▶ Recorded data

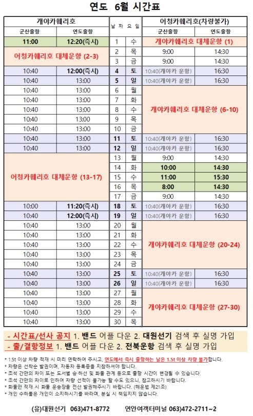 문화관광국 관광진흥과 에서 제작한 여객선 시간표 저작물은 "공공누리" 출처표시-상업적 이용금지-변경금지 조건에 따라 이용 할 수 있습니다.
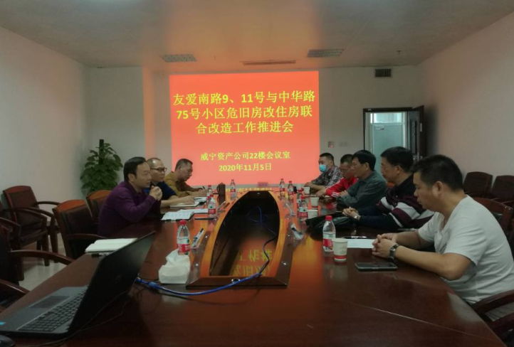 2020年11月5日下午,威寧資產(chǎn)公司召開加快推進(jìn)友愛南路9、11號與中華路75號危舊房改住房聯(lián)合改造的座談會,主動邀請參與項目建設(shè)的南寧市婦幼保健院、廣西南寧百益源食品有限責(zé)任公司、廣西居域房地產(chǎn)開發(fā)有限責(zé)任公司(項目代建單位)等相關(guān)單位進(jìn)行交流。
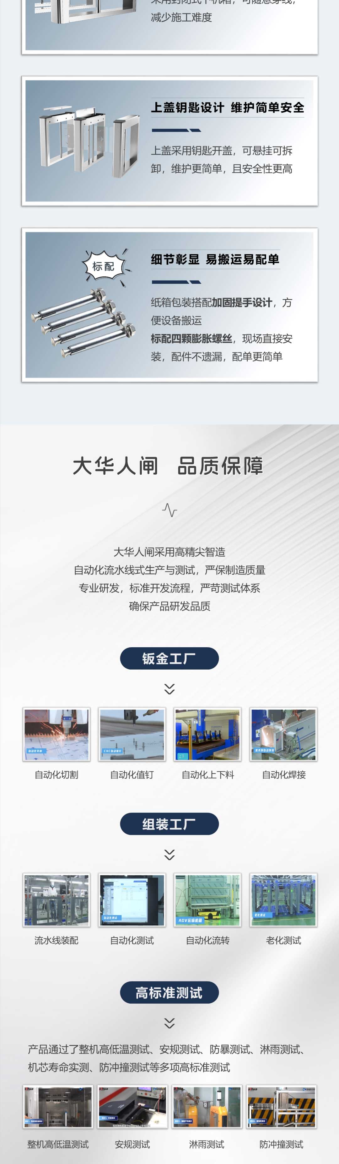 大華人閘品質(zhì)保障:大華人閘采用高精尖智造自動(dòng)化流水線式生產(chǎn)與測(cè)試,嚴(yán)保制造質(zhì)量專業(yè)研發(fā),標(biāo)準(zhǔn)開發(fā)流程,嚴(yán)苛測(cè)試體系確保產(chǎn)品研發(fā)品質(zhì)
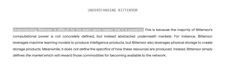 “Comprendere BitTensor è difficile, per lo stesso motivo per cui è potente. Infatti, la maggior parte della potenza di calcolo di BitTensor non è concretamente definita… Ad esempio, BitTensor sfrutta i modelli di apprendimento automatico per produrre prodotti di intelligenza, ma sfrutta anche lo storage fisico per creare prodotti di storage“.
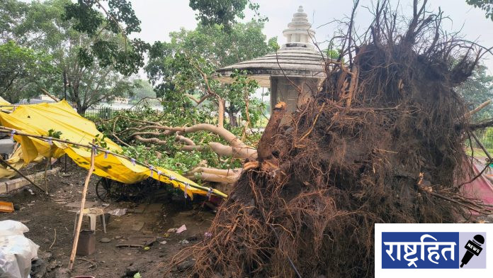 वादळी पावसाचा कहर : पवनारमध्ये पिंपळाचे मोठे झाड कोसळले, चिवड्याच्या दुकानाचे मोठे नुकसान
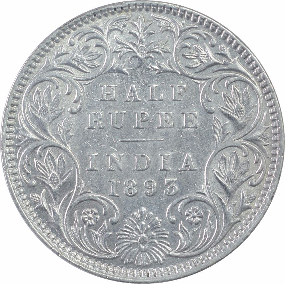 Silver Half Rupee Coin of Victoria Empress of Bombay Mint of 1893.
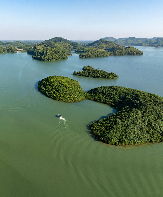 Đắm mình trong hành trình du ngoạn giữa vịnh hồ ngoạn mục, nơi 108 hòn đảo tạo nên bức tranh thiên nhiên sống động. Từ boong những chiếc du thuyền sang trọng, từng góc nhìn mở ra một khung cảnh khác biệt – khi mặt nước, rặng núi và bầu trời hòa vào nhau thành một đường chân trời không điểm dứt.
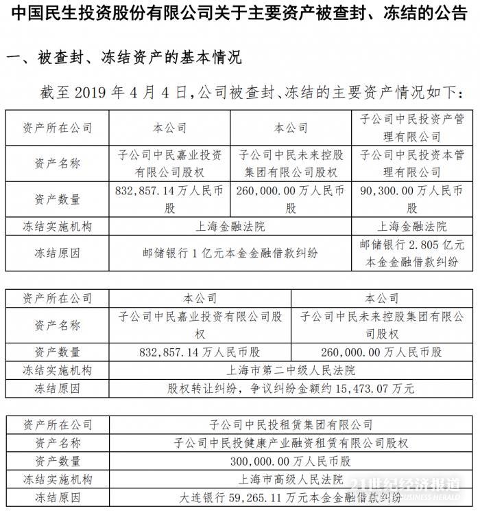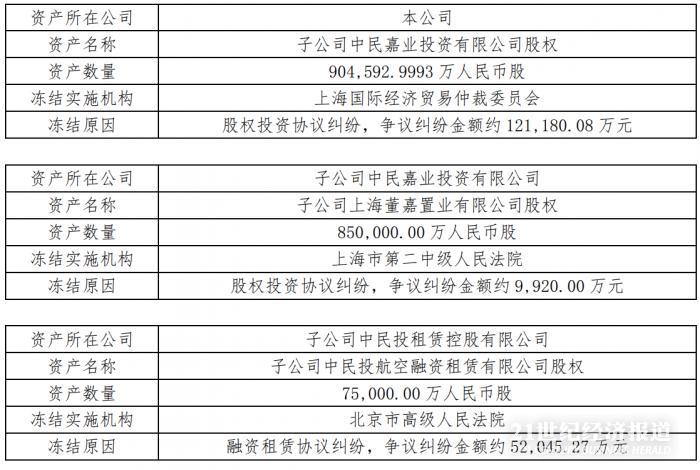 二是上海金融法院和上海高院下令冻结了中民投及其部分子公司资产,具体内容如下:

▶ Exercise goal
Using the entries above, write out exactly the lines from the one with "वादळी पावसाचा कहर" through the one with "Silver Half Rupee", ends included. Leave out any pictures.

▶ Output below
 वादळी पावसाचा कहर : पवनारमध्ये पिंपळाचे मोठे झाड कोसळले, चिवड्याच्या दुकानाचे मोठे नुकसान
 Silver Half Rupee Coin of Victoria Empress of Bombay Mint of 1893.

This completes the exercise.